È di una bellezza davvero intensa, di quelle che ti lasciano un po’ inermi. Due occhi da cerbiatto ed un sorriso dolce. Valeria Solarino è l’ospite del secondo appuntamento organizzato dalla Casa del Cinema di Roma con i nuovi volti del cinema italiano. Il film scelto da Valeria è Valzer diSalvatore Maira; un bel film, inedito per molti spettatori. Anche questo è il cinema italiano, film belli che non riescono a trovare la strada del pubblico, neanche quando ad un festival importante, com'è quello di Venezia, viene accolto da molti applausi. Valeria Solarino l'ha scelto, forse proprio temendo che i più non possano mai vederlo ed apprezzarlo. Un film tecnicamente difficile, perché tutto realizzato con piani sequenza, un ora e mezza ambientata in un albergo, tutti interni, tutti visi ed espressioni, e quelle che regala Valeria sono davvero intense. D'altronde con un viso così, si è già sulla buona strada, se poi si è anche bravi, come nel suo caso, tanto meglio. Lei è un po’ l’attrice italiana del momento, tutti la vogliono, e in questi giorni è nelle sale con “Signorieffe” di Wilma Labate.

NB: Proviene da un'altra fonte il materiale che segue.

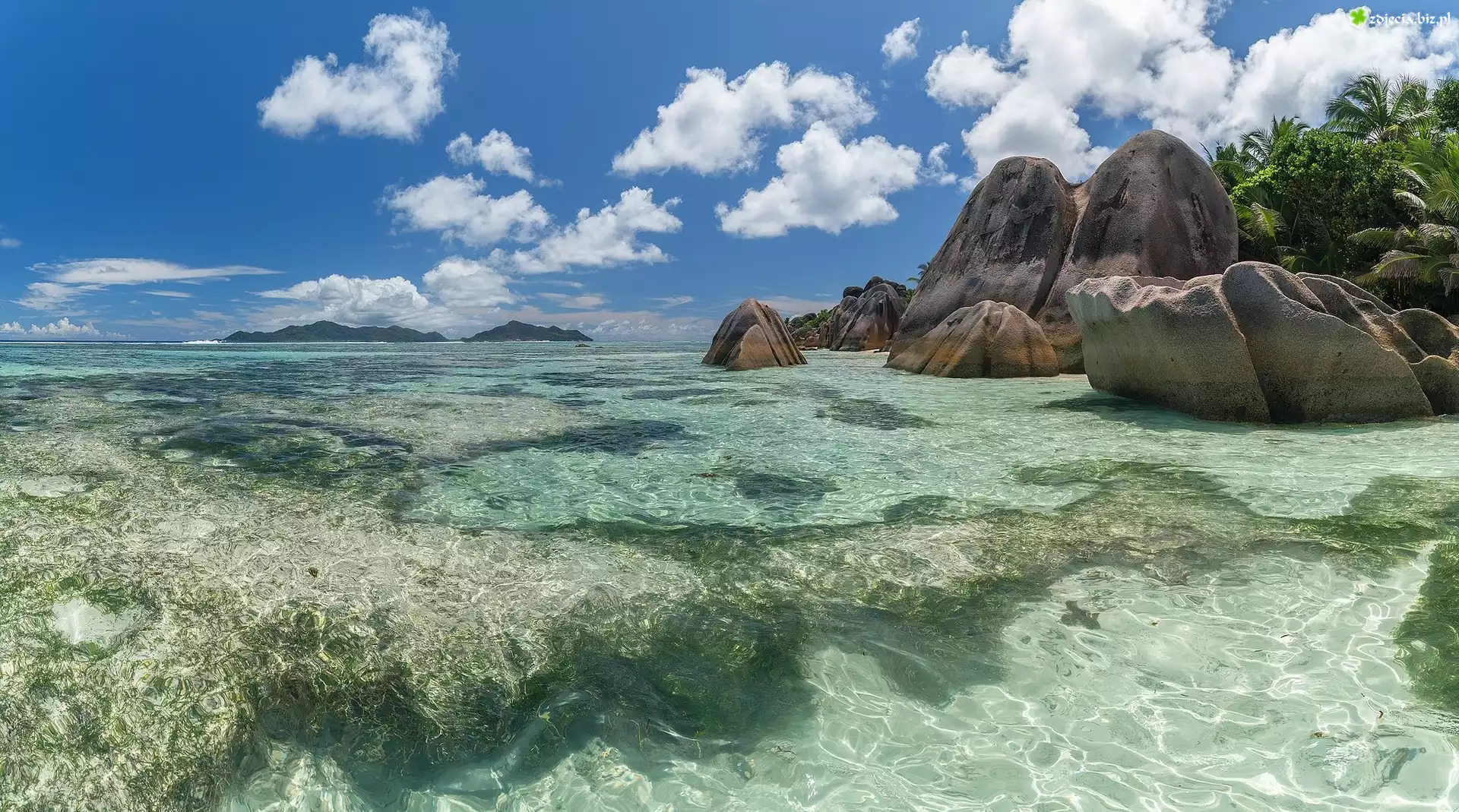 Zdjęcie Morze, Skały, Drzewa, Palmy

I personaggi da te interpretati finora sono tutti diversi fra loro, con quale criterio li scegli?

D'istinto. Leggo la storia, e valuto se mi piace il personaggio. Anche se devo dire che è fondamentale il rapporto con il regista, se mi fido di lui, allora mi affido. Non faccio calcoli, a volte mi chiedo se invece non farei bene a farli! Perché alla fine finisco per scegliere sempre ruoli difficili.

Preferisci interpretare i personaggi che ti assomigliano, o quelli più distanti da te?

È assolutamente più stimolante per me essere “diversa” da quella che sono io veramente, c'è più sfida, e la sfida mi piace. Anche se tu ci sei sempre, basta solo pensare al fatto che la voce è tua, che il corpo ce lo metti tu, e quindi è bello dare emozione ad un personaggio attraverso il tuo corpo.

La naturalità con la quale ti si vede recitare, farebbe pensare che tu sia nata attrice…

Non so se si nasca attori, sicuramente si nasce con qualcosa dentro, insomma o ce l'hai o no. E se ce l'hai questo qualcosa allora non puoi farne a meno. Esiste il talento secondo me, certo, va coltivato, ma se non c'è… beh allora è meglio che si faccia un altro mestiere. Io ho sentito che era questa la mia strada quando mi stavo preparando per entrare al Teatro Stabile di Torino, ai provini ho capito che dovevo entrare assolutamente!